Tinybird is an analytics backend for software applications, and as LLM usage and AI features become more commonplace, developers are increasingly using Tinybird to track LLM usage, costs, and performance, both internally and in user-facing features.

We recently open sourced an app template, the LLM Performance Tracker, that includes a frontend + backend to capture LLM calls from your AI apps and analyze your LLM usage in real time.

The template is full of cool features (kudos to my coworker @alrocar, but I want to focus on one in particular because I think it's going to be the new normal for real-time data visualization.

If you check out the live demo of the app, you'll notice a button in the top right corner: AI Cost Calculator.

Clicking this button opens a modal where you can define how you want to visualize your LLM costs. For example:

Show me cost for OpenAI provider by organization

Filter by organization quantum_systems and show costs for last week

Cost for OpenAI provider in production environment in last month group by model

How would costs change if we use Claude 3 Opus at $0.00003 per prompt token and $0.00015 per completion token?

You can see it in action here:

A quick summary of what is happening under the hood:

  1. The user input is passed to an API
  2. The API uses an LLM to generate structured parameters for Tinybird data API
  3. The component determines what kind of chart to show by analyzing the user input
  4. The component fetches the Tinybird API with the LLM-supplied filters and hydrates the chart

Let me walk you through how we built this feature.
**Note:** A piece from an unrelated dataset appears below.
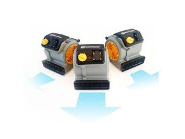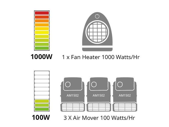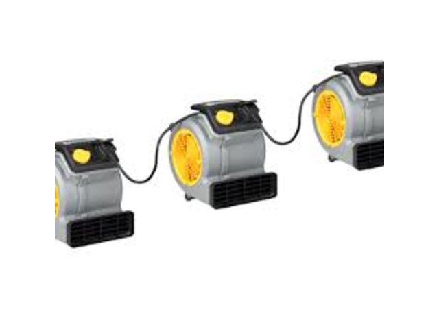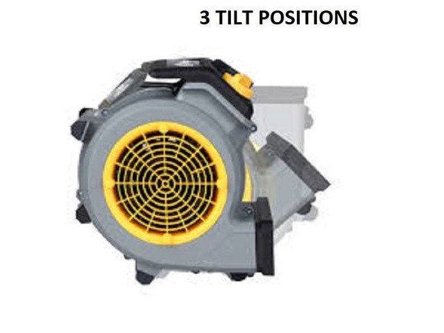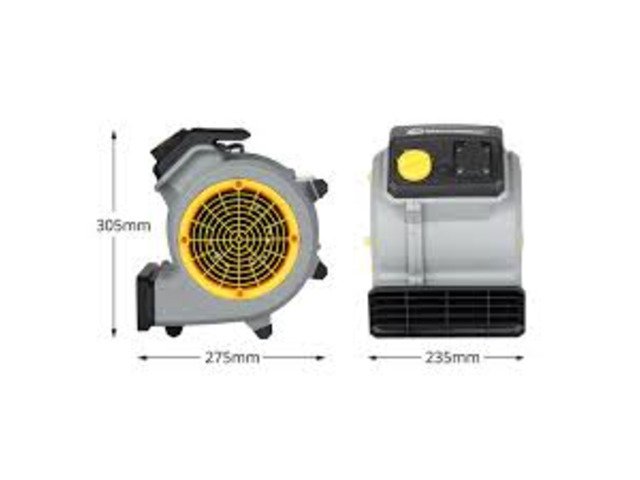 Compact energy efficient Air Mover for rapid drying of carpets, upholstery, plaster, concrete, paint, car seats etc, this machine has 3 air flow settings, and 3 tilt positions, 3.7m cable, and integrated extension socket to add more air movers together for larger areas, each machine drives 266 litres of ambient air per second. This machine is very energy efficient consumes 90% less power than a conventional 1000w fan heater. 240v. 150w. 1300 Rpm

If you're interested in building dynamic, user-generated data visualizations in your application, you can use this as inspiration.

By the way, all of the code snippets I share below are gleaned from the open source LLM Performance Tracker repo.

The components

There are 4 core components to this feature:

  1. A Tinybird datasource called llm_events.datasource
  2. A Tinybird pipe called llm_usage.pipe
  3. A React component called CostPredictionModal.tsx
  4. An extract-cost-parameters API route

In addition, there are some utilities and services to simplify fetching the Tinybird APIs from the frontend.

Let's take a look at each of these components sequentially to understand how to create user-generated real-time data visualizations.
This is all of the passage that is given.